## The data

::::::

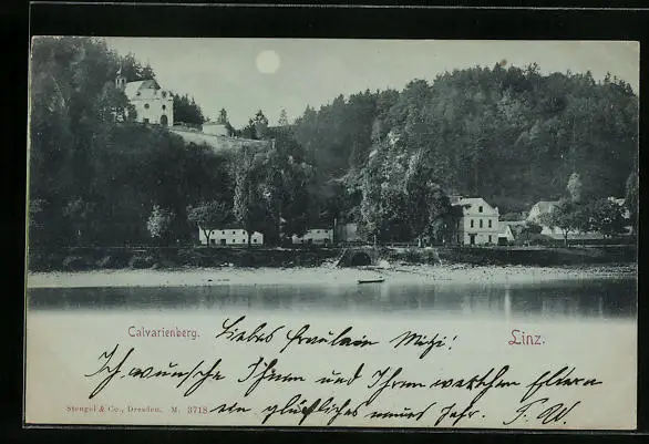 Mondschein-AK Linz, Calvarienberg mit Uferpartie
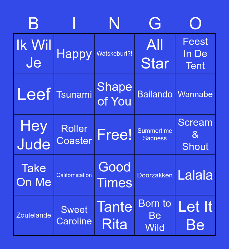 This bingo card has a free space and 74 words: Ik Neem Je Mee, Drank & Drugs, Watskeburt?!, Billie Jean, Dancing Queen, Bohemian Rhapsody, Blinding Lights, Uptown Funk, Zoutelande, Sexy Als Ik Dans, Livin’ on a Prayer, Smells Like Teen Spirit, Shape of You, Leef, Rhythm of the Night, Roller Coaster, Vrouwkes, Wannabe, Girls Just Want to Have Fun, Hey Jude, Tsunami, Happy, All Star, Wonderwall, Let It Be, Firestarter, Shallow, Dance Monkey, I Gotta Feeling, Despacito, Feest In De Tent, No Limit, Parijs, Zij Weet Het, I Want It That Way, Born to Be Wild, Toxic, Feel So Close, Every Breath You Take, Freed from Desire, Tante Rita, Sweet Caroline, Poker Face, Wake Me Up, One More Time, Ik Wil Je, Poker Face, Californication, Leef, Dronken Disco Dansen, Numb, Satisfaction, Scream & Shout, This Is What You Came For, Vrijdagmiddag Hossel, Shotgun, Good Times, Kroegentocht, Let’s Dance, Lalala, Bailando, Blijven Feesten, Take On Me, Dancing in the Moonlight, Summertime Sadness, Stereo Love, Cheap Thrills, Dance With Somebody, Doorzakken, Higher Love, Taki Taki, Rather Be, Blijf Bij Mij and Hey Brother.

::::::

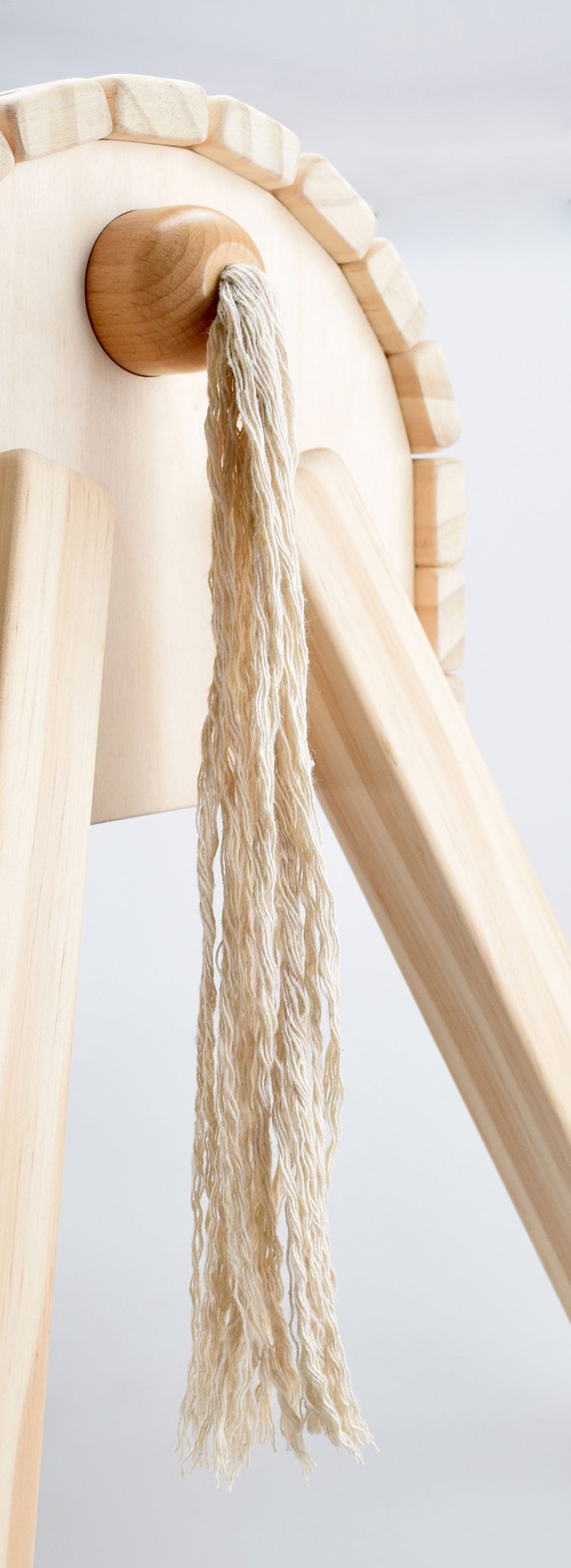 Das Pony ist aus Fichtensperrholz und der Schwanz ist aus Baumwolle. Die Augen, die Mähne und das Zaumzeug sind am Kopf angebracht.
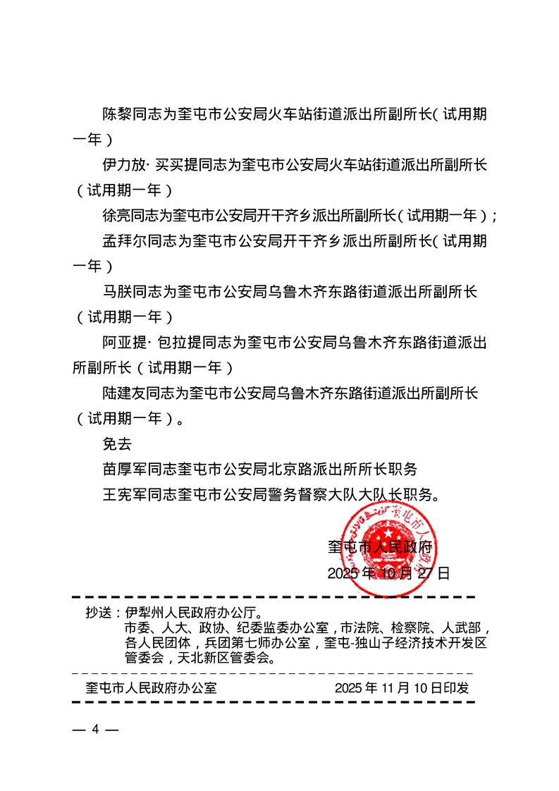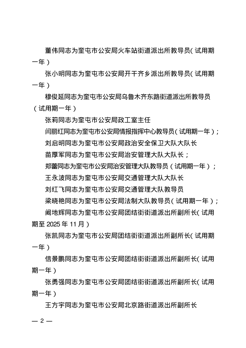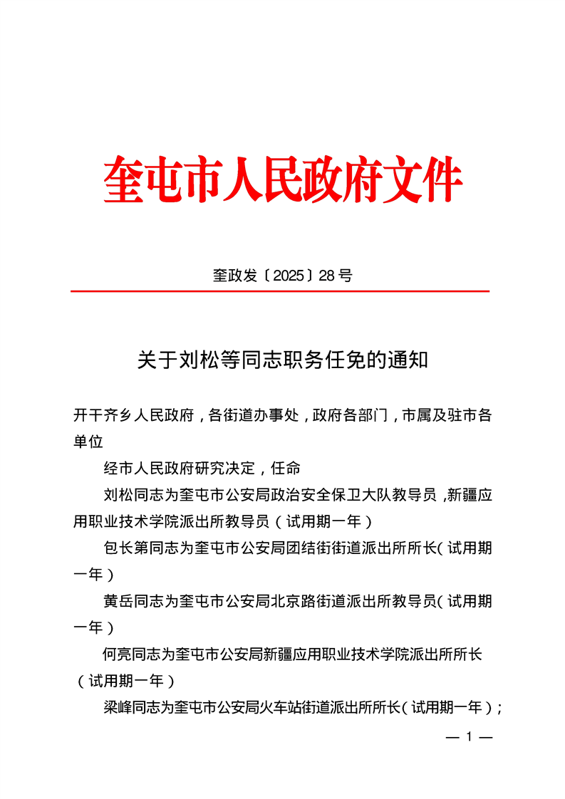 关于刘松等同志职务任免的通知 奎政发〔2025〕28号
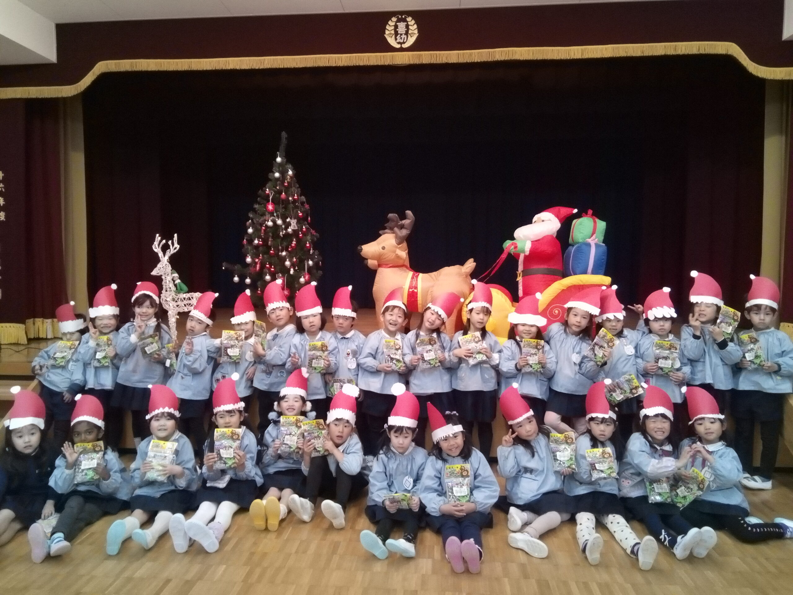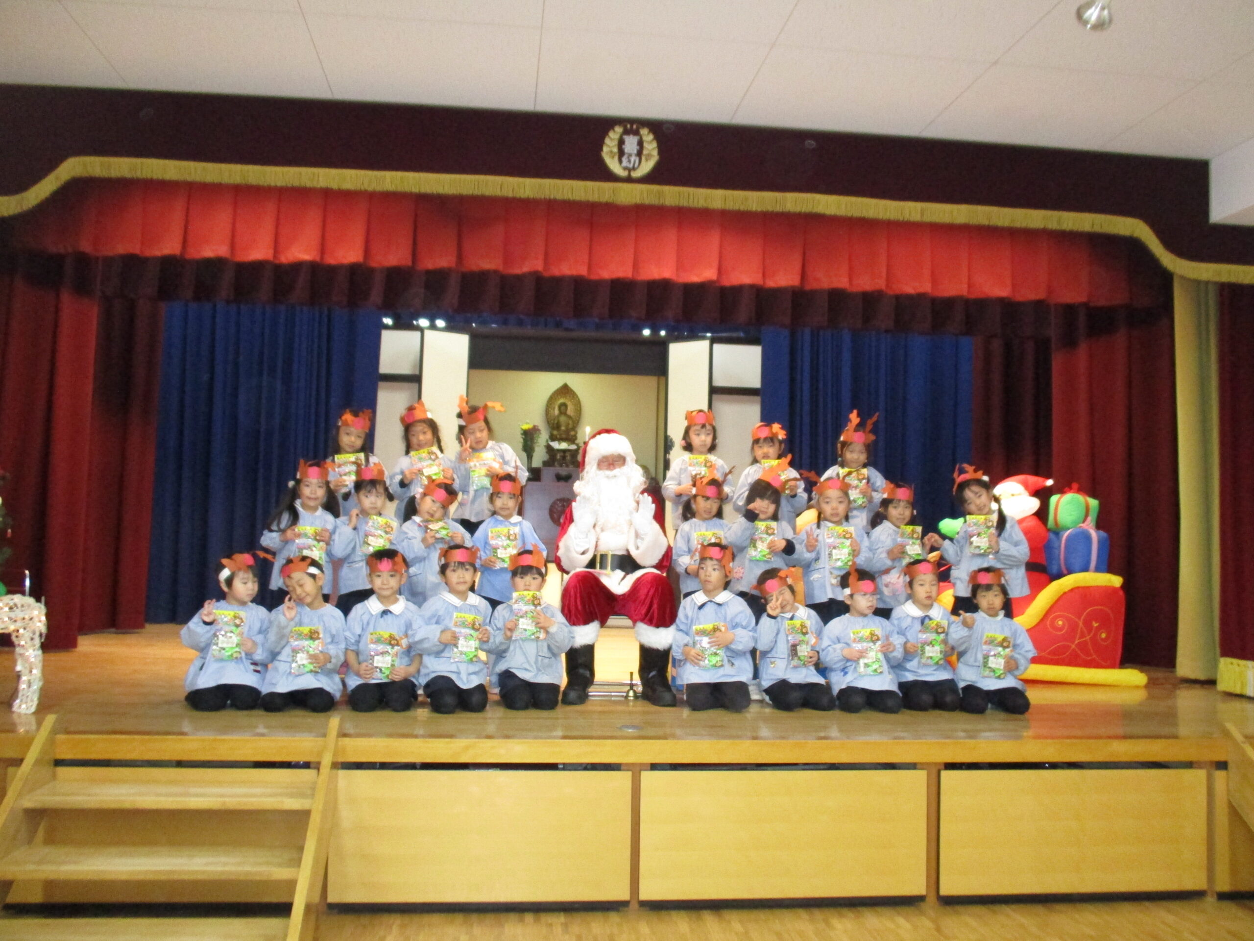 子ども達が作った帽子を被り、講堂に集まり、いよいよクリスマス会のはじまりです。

::::::

## Aim of the task
Would you give again, exactly, the lines in the data above that run from the line containing "关于刘松等同志职务任免的通知 奎政发〔2025〕28号" to the line containing "子ども達が作った帽子を被り、講堂に集まり、いよいよクリスマス会のはじまりです。"? Include both ends and no pictures.

## Answer for this exercise
 关于刘松等同志职务任免的通知 奎政发〔2025〕28号
 子ども達が作った帽子を被り、講堂に集まり、いよいよクリスマス会のはじまりです。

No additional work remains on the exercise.